Source data:
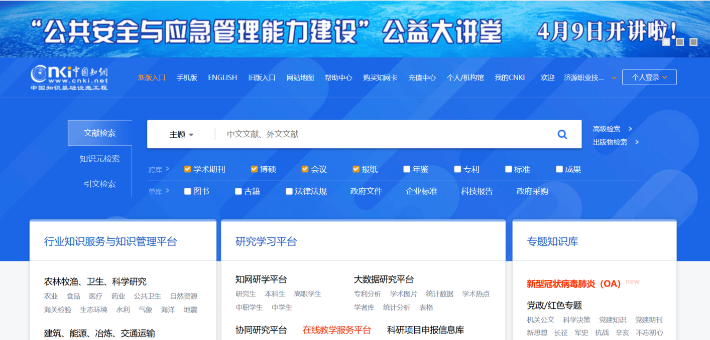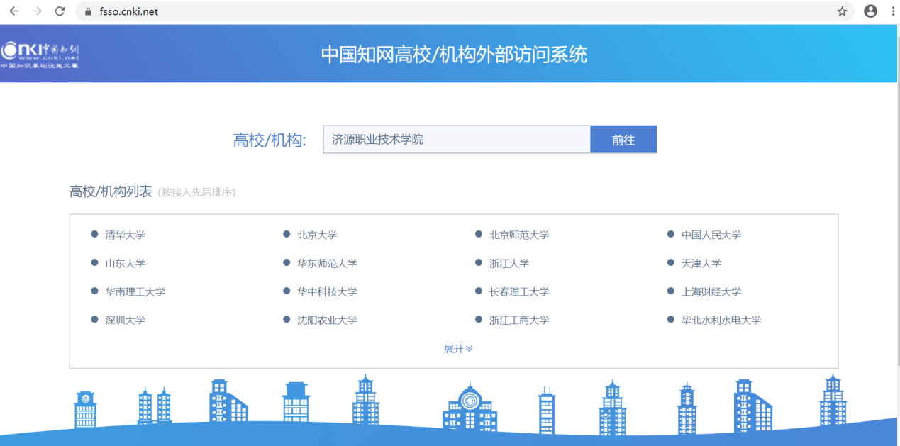 一、登录中国知网外部访问系统,网址:http://fsso.cnki.net,然后在搜索框输入“济源职业技术学院”,然后点击“前往”,如下图所示:
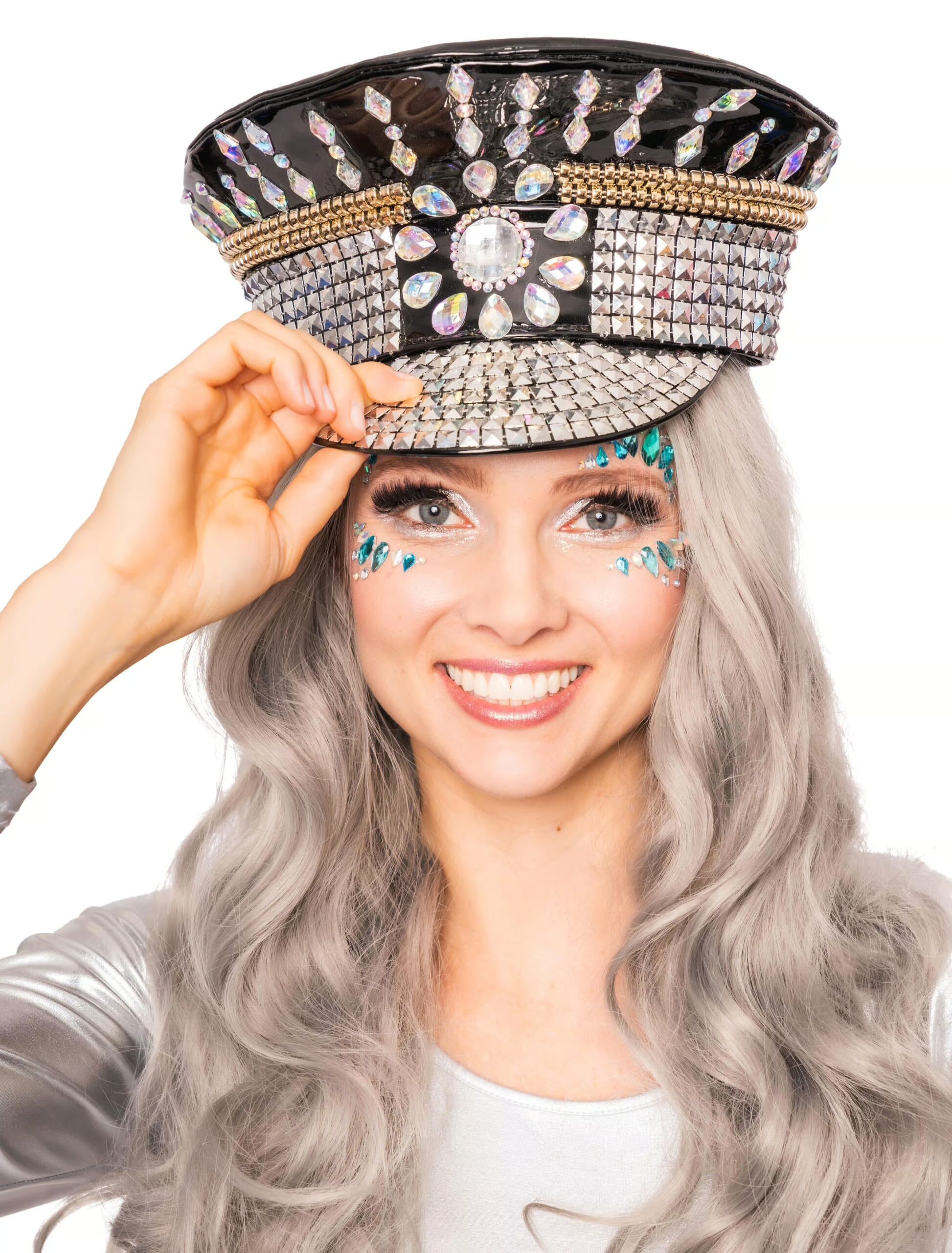 Polizist, 80er Jahre oder Festivalgirl? Diese schicke Kappe lässt die Frage unbeantwortet und händigt sie stattdessen an den Betrachter weiter. Egal ob für ein Festival, Karneval oder Fasching, die mit edel wirkenden Steinen besetzte Kappe im Beamten-Look vermittelt den perfekten Mix aus Autorität und Verspieltheit und sorgt so für die nötige Aufmerksamkeit.
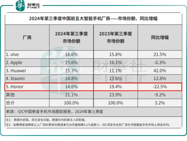 IDC数据显示,于今年第三季度,荣耀在中国智能手机市场的占有率为14.6%,虽然保持前五的位置,但相较于上年同期19.4%的市占率下降了4.8个百分点,为前五大手机厂商中市占率下滑最严重的厂商。
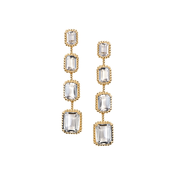 Brinco em ouro 18K amarelo com quartzo incolor.
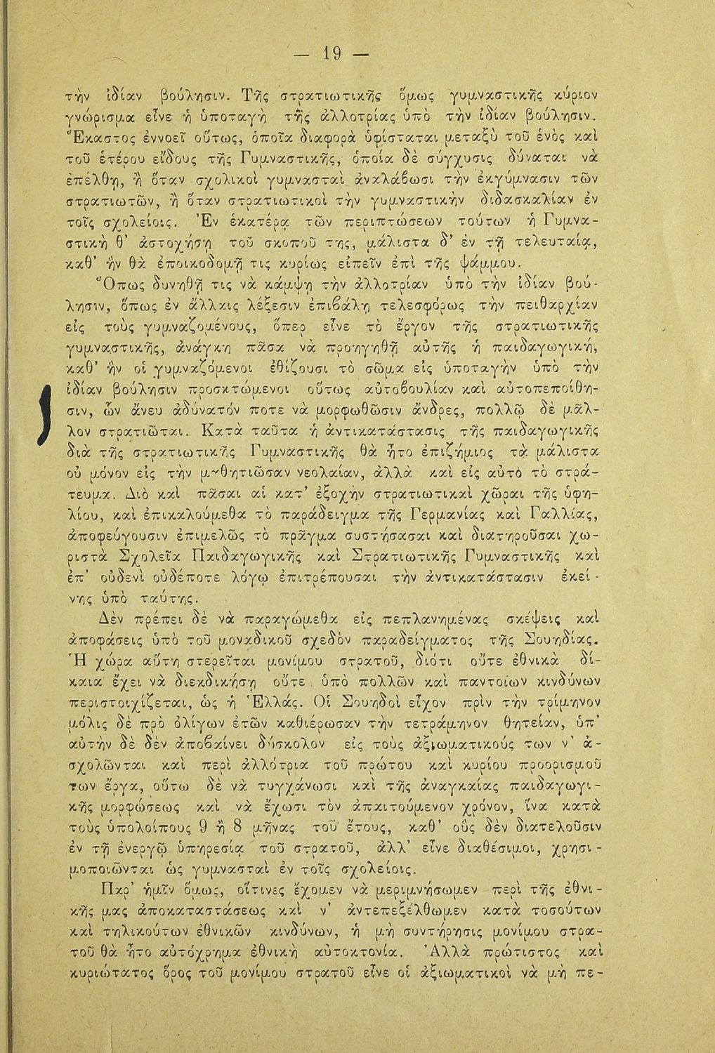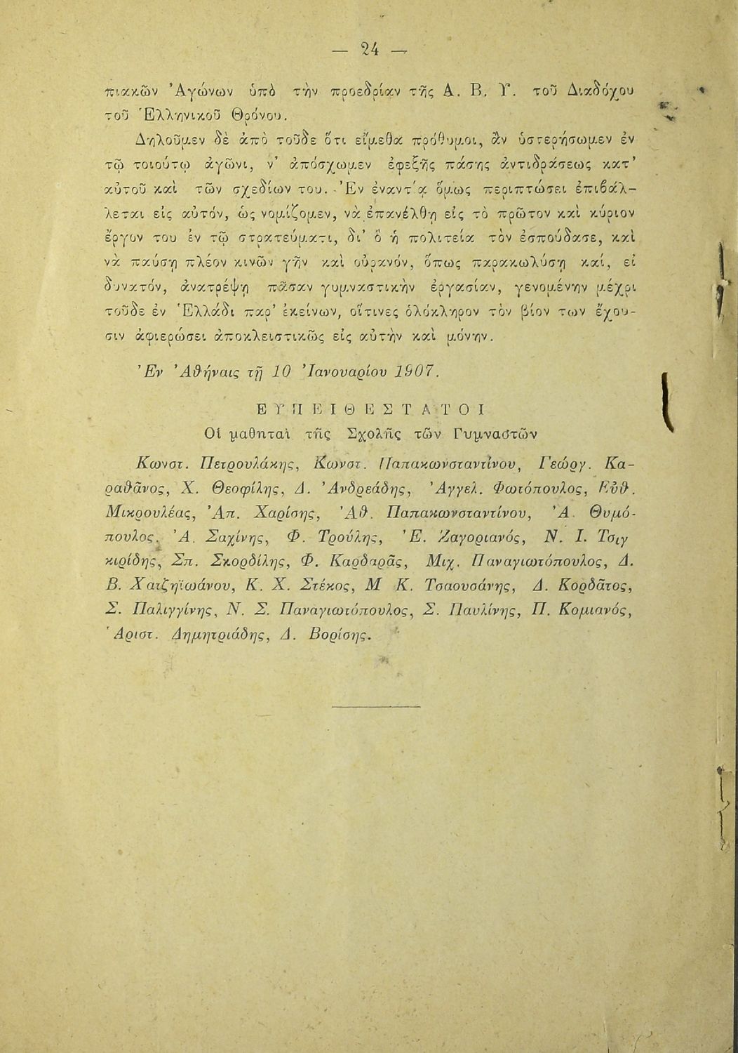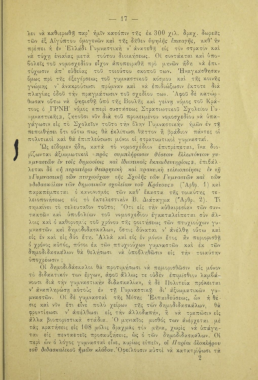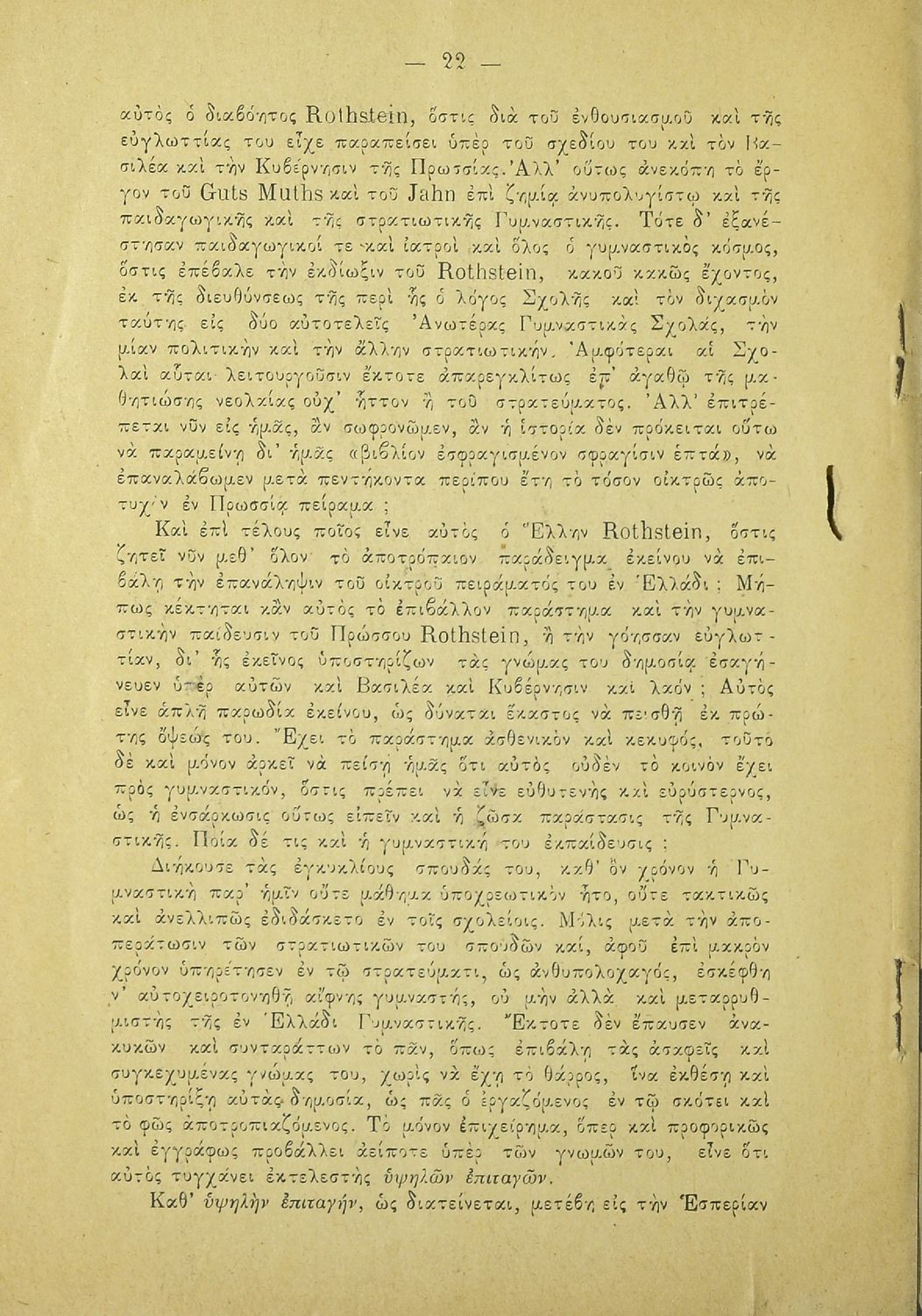 Κωδικός αναγνώρισης: 20-E0024 Τίτλος: Η εν Ελλάδι γυμναστική και το νομοσχέδιον περί στρατιωτικού σχολείου γυμναστικής. Υπόμνημα των μαθητών της Σχολής των Γυμναστών προς την Βουλήν των Ελλήνων Μέγεθος και υπόστρωμα: Άλλο, 21εκ., μαλακό εξώφυλλο, 24 σελίδες. |
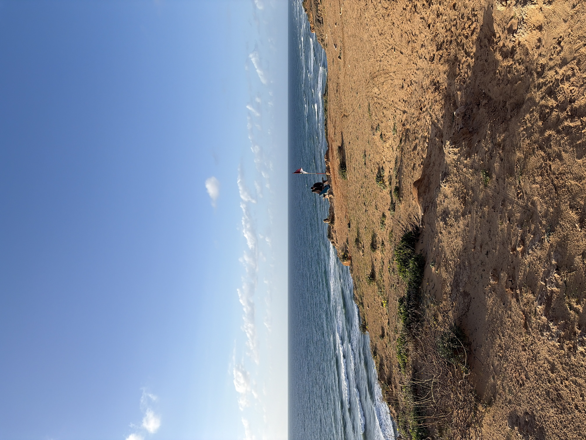 A horizontal panoramic view captures the Israeli coastline at Arsuf. Clear blue sky occupies the left portion of the frame, contrasting with the deep blue of the sea extending vertically to the center. White waves gently crash against a sandy cliff that forms the right side of the image. Two individuals are seated at the cliff's edge, near a red-and-white striped flag. The cliff is covered with dry, sparse vegetation. The sand appears coarse and textured.
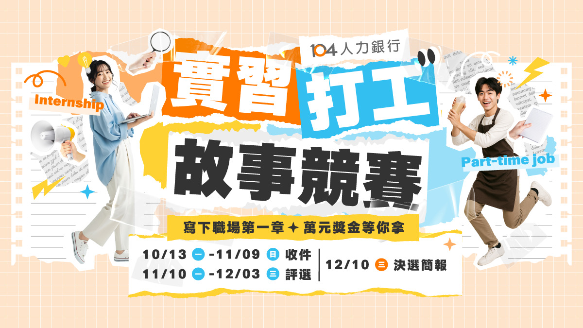 一、活動目的:為協助大專校院學生以實際經驗深化職涯探索,104人力銀行舉辦《實習打工故事競賽》。
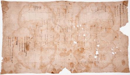 | Keywords: Naruto rice field map.gif en Map of rice fields in Naruto today central Takaoka a former manor of Tōdai-ji The map had been in the possession of Tōdai-ji unbound ink and light color on linen cloth 79 8 × 140 5 cm 31 4 × 55 3 in http //katakago info/html/uploads/wp-content/uploads/image101 gif Author 759 PD-old-100 superseded Naruto map jpg National Treasures of Japan ancient documents Nara National Museum Old maps Nara period | ||||

Exercise prompt:
Exactly the lines from the start of the entries above through the line with "Brinco em ouro" should be reproduced, and nothing else; drop the pictures.

Output:
 一、登录中国知网外部访问系统,网址:http://fsso.cnki.net,然后在搜索框输入“济源职业技术学院”,然后点击“前往”,如下图所示:
 Polizist, 80er Jahre oder Festivalgirl? Diese schicke Kappe lässt die Frage unbeantwortet und händigt sie stattdessen an den Betrachter weiter. Egal ob für ein Festival, Karneval oder Fasching, die mit edel wirkenden Steinen besetzte Kappe im Beamten-Look vermittelt den perfekten Mix aus Autorität und Verspieltheit und sorgt so für die nötige Aufmerksamkeit.
 IDC数据显示,于今年第三季度,荣耀在中国智能手机市场的占有率为14.6%,虽然保持前五的位置,但相较于上年同期19.4%的市占率下降了4.8个百分点,为前五大手机厂商中市占率下滑最严重的厂商。
 Brinco em ouro 18K amarelo com quartzo incolor.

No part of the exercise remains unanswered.